Negative depictions of the state in film and television cause some people to think New Jersey is covered in urban sprawl, oil refineries, and clogged “highways jammed with broken heroes on a last chance power drive,” as Bruce Springsteen put it.
Although true for some parts of New Jersey close to the metropolises of New York City and Philadelphia, it’s called the Garden State for a reason. Northwestern New Jersey and northeastern Pennsylvania are blessed with farmland, forests, lakes, rivers, state parks, small towns, country churches, and most importantly, great roads to ride. Those blessings make this loop route a memorable favorite ride.
With the sun warming my face and the sweet fragrance of greenery filling my lungs, I rumbled south on my Kawasaki Vulcan 900 Classic LT. I had sold my heavy Vulcan 1700 Voyager, and although I missed all its bells and whistles, I enjoyed the backroad nimbleness of the much lighter 900.
On Glenwood Road (County Road 26) just north of the New Jersey border, the Blue Arrow Farm has an impressive replica of a western Plains Indian village. In New Jersey, Glenwood Road splits, and I turned west onto the rolling, serpentine County Road 565 and stopped at the unique Farm at Glenwood Mountain. Encompassing 170 acres, it sells grass-fed, free-range beef from Scottish Highland cattle, free-range chicken, eggs, turkey, and pork, as well as local honey and organic fruits and vegetables. They also host private farm-to-table dinners and weddings.
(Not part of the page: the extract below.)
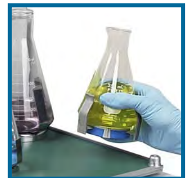
MAGic Clamp Platform H1000-MR with Adjustable MAGIC Clamp (H1000-MR-CMB)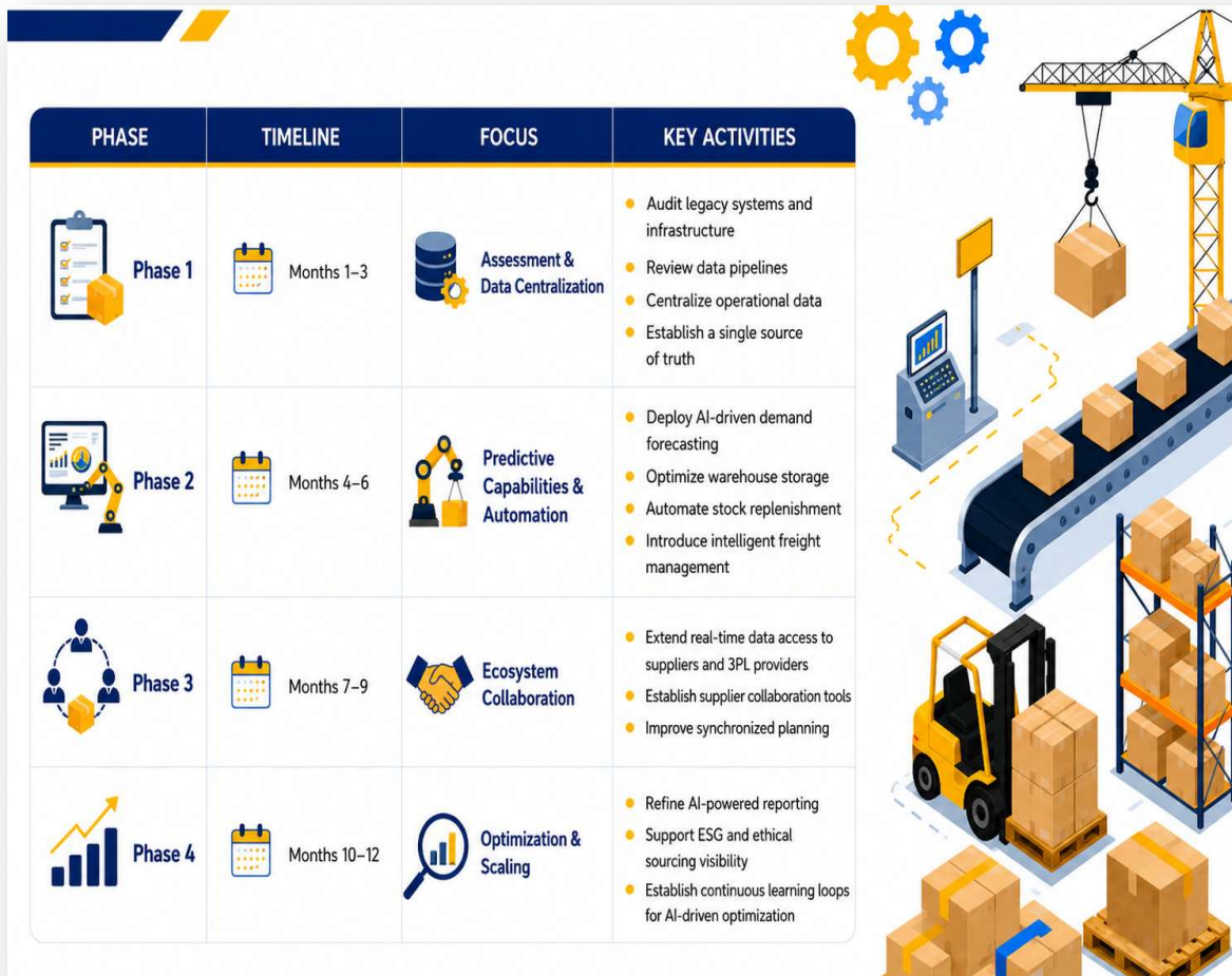
Supply Chain Modernization Roadmap

The roadmap is structured to progressively transition the organization from fragmented supply chain operations to a centralized, data-driven, and intelligent operational ecosystem capable of supporting long-term efficiency, resilience, and operational growth.

Rolling southwest toward Sussex takes you along the border of Wallkill River National Wildlife Refuge, which runs 9 miles along the Wallkill River (one of the few rivers in the U.S. that flows north) and protects 5,100 acres of land. Wildlife abounds in this area, including waterfowl, raptors, coyotes, deer, and bears. Throughout my years cruising through rural New Jersey, I have been lucky enough to spot several bears, as well as red foxes, a coyote, and numerous great blue herons.
After crossing over State Route 23, I passed The Village Smith and Cycle Works, a motorcycle repair and blacksmith shop where you can get new tires for your motorcycle and new shoes for your horse. Naturalist writer and gadfly Henry David Thoreau said to “simplify, simplify” your life. In rural New Jersey, we say “diversify, diversify” your life to succeed.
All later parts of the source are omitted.